100mL of 0.1N hypo decolorized iodine by the addition of x g of crystalline copper sulphate to excess of KI. The value of x is:
a.) 5.0g
b.) 1.25g
c.) 2.5g
d.) 4g

Answer 1

Hint: To answer this question, we must focus on the concept of normality and how to calculate it. Normality can be described as the number of gram or mole equivalents of solute present in one liter of a solution.

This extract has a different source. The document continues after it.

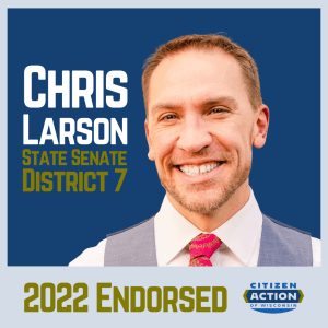 Senator Chris Larson is a recurring Citizen Action champion, giving much time and energy as a lead sponsor for the groundbreaking Climate and Jobs Package with Representative Supreme Moore Omokunde.
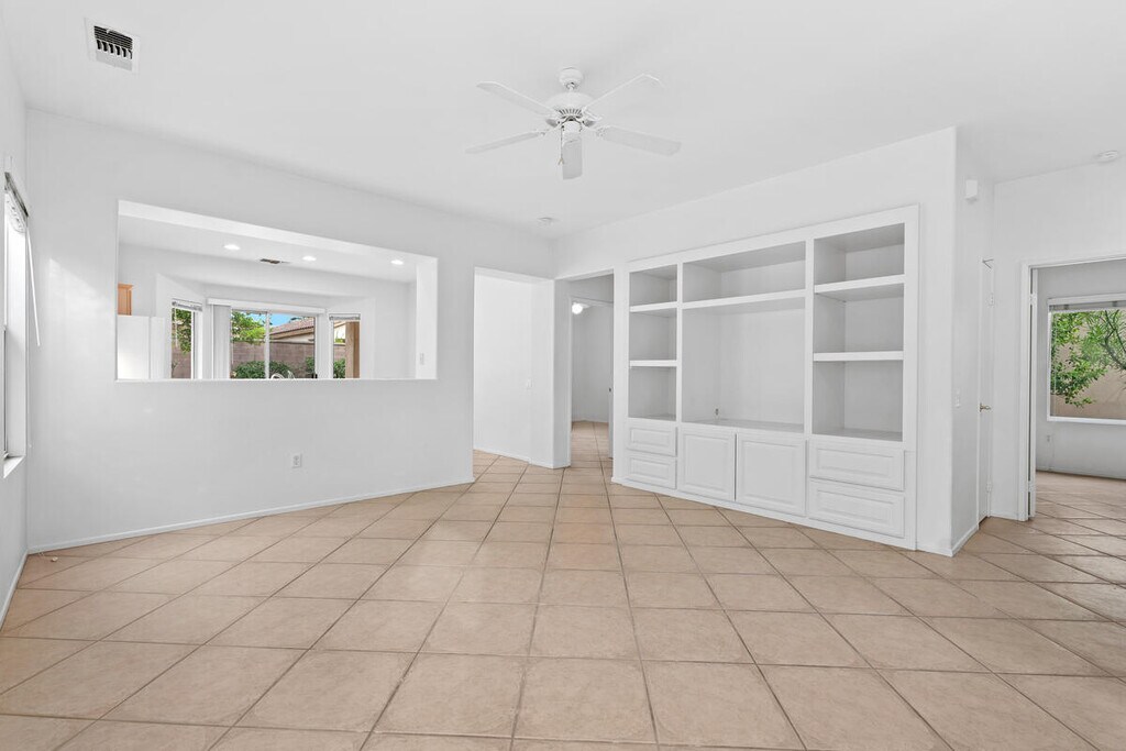 Your new life awaits in Palm Desert Sun City 55+ Community! Golf,tennis,dining and fitness! Clubs and activities galore. Nicely upgraded Pasadena model. Tile flooring throughout plus lots of built-ins in bedroom and living room. Open concept. Low maintenance Desert landscaping with fruit trees. Attached 2 car garage. Just two lots to community pool and one block from resident's only gate providing easy access to shopping and the freeway. Sun City offers lots amenities with multiple golf courses and clubhouses. All ready for new long-term tenant. 12-month lease available. MLS # 219146649

Complete step by step solution:
Similar to molarity, where the molecular weight is used for calculating the molar concentration, for normal solution concentrations, we generally prefer to use the equivalent weight (EW).
We first have to find the valence factor. For this let us write the chemical reaction:
\[2CuS{O_4} + 4KI \to 2{K_2}S{O_4} + 2CuI + {I_2}\]
The change in oxidation state of Cu = valence factor = 2-1 = 1.
Next we must write the reaction for iodine produced with Hypo solution:
\[{I_2} + 2N{a_2}{S_2}{O_3} \to 2NaI + N{a_2}{S_6}{O_6}\]
From this reaction we see that the hypo is decolorized due to Iodine gas produced.
So we may write,
No. of equivalents of iodine = No. of equivalents of hypo solution
And since the Iodine gas is solely produced due to reaction with hydrated copper sulphate initially. We may say,
No. of equivalents of iodine = No. of equivalents of hydrated copper sulphate.
We know, Molecular weight of hydrated copper sulphate = 250g
\[No.\,of\,equivalents\,of\,CuS{O_4}.5{H_2}O = \dfrac{{Molecular\,weight}}{{n - factor}} = \dfrac{{250}}{1} = 250\]
We know,
\[\dfrac{{weight}}{{no.\,of\,equivalents}} = Normality \times Volume\]
Therefore,
\[\dfrac{x}{{250}} = 0.1 \times 0.1\]
\[x = 2.5g\]
Hence, the correct answer is Option (C) 2.5g.

Additional information:
Normality is sometimes used in place of molarity because often 1 mole of acid does not completely neutralize 1 mole of base. Hence, in order to have a one-to-one relationship between acids and bases, many chemists prefer to express the concentration of acids and bases in normality.

Note: The normal concentration of a solution or normality is always equal to or greater than the molar concentration or molarity of a solution. The normal concentration can be calculated by multiplying the molar concentration by the number of equivalents per mole of solute.